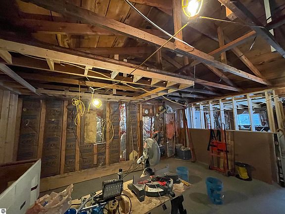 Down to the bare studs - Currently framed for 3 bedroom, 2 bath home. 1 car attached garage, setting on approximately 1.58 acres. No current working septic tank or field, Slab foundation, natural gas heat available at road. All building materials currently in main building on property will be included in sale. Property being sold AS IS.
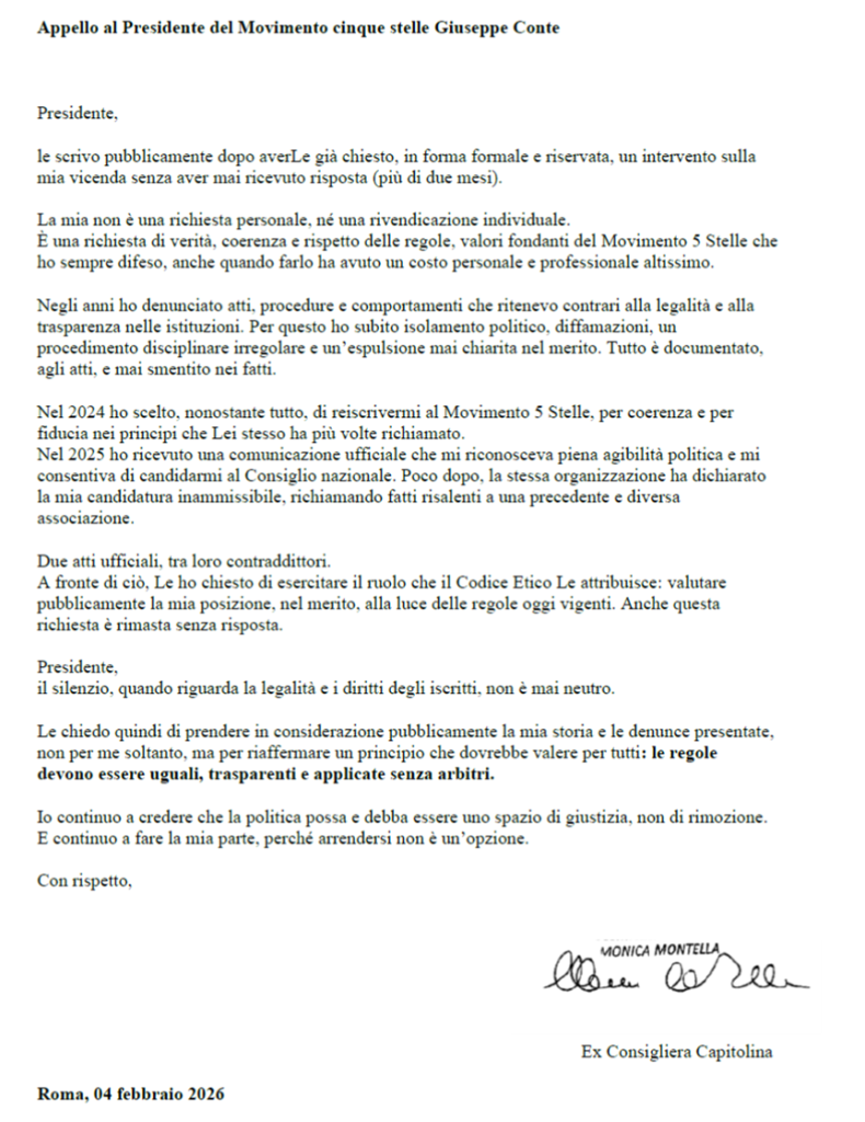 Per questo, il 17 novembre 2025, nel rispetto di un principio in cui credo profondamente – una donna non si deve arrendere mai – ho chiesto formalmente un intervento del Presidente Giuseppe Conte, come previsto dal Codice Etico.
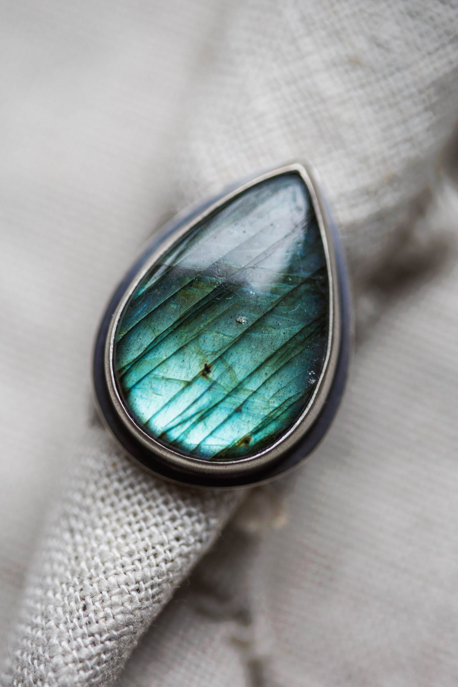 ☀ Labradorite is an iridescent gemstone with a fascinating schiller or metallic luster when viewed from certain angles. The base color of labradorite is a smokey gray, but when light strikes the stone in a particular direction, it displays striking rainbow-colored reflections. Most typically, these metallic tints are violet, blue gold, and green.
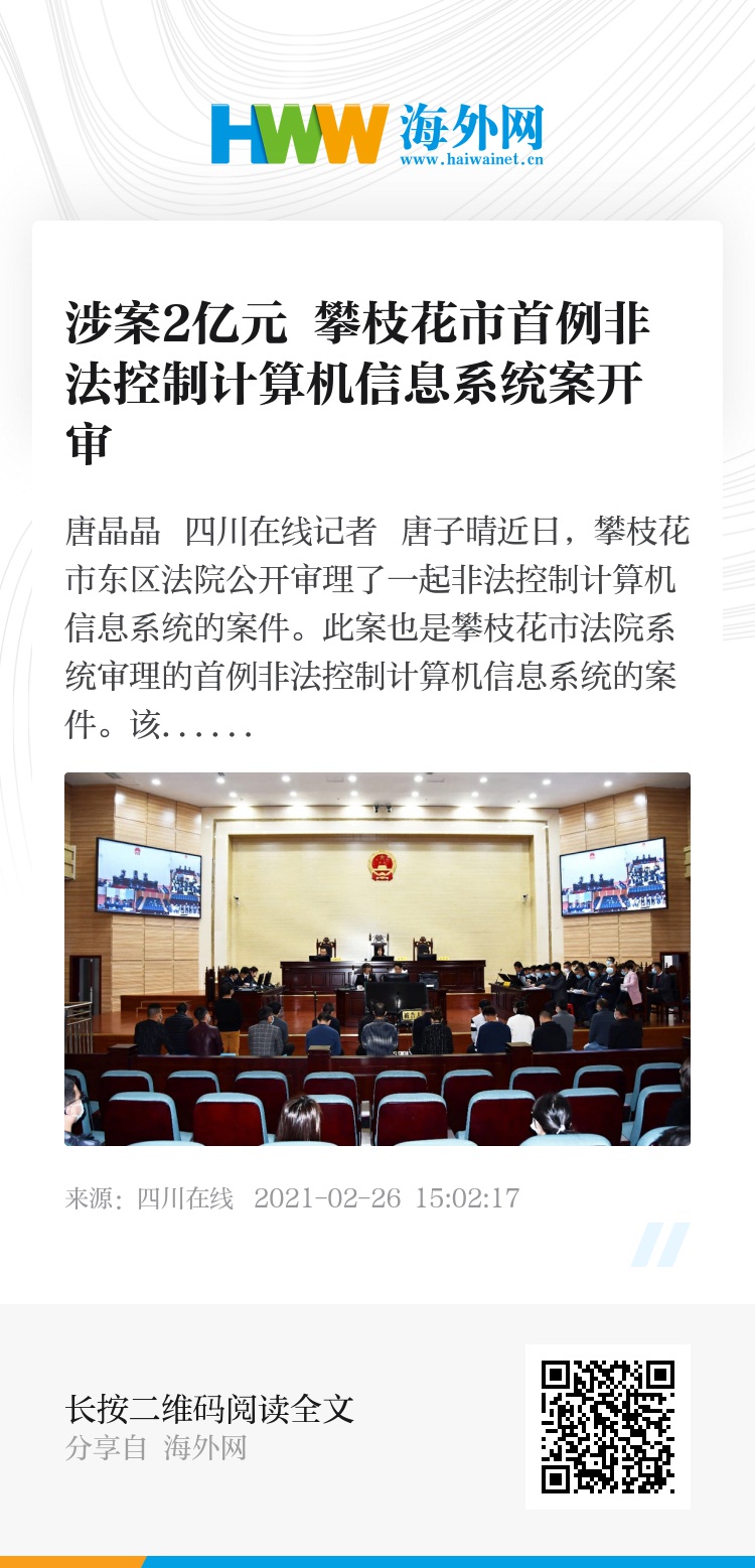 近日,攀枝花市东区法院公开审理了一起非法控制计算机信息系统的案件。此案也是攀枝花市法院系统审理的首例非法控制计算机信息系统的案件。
- - -
Give back exactly the run of lines that opens the material above and ends at the line with "Per questo, il". Omit the pictures.

*Answer box*.
 Down to the bare studs - Currently framed for 3 bedroom, 2 bath home. 1 car attached garage, setting on approximately 1.58 acres. No current working septic tank or field, Slab foundation, natural gas heat available at road. All building materials currently in main building on property will be included in sale. Property being sold AS IS.
 Per questo, il 17 novembre 2025, nel rispetto di un principio in cui credo profondamente – una donna non si deve arrendere mai – ho chiesto formalmente un intervento del Presidente Giuseppe Conte, come previsto dal Codice Etico.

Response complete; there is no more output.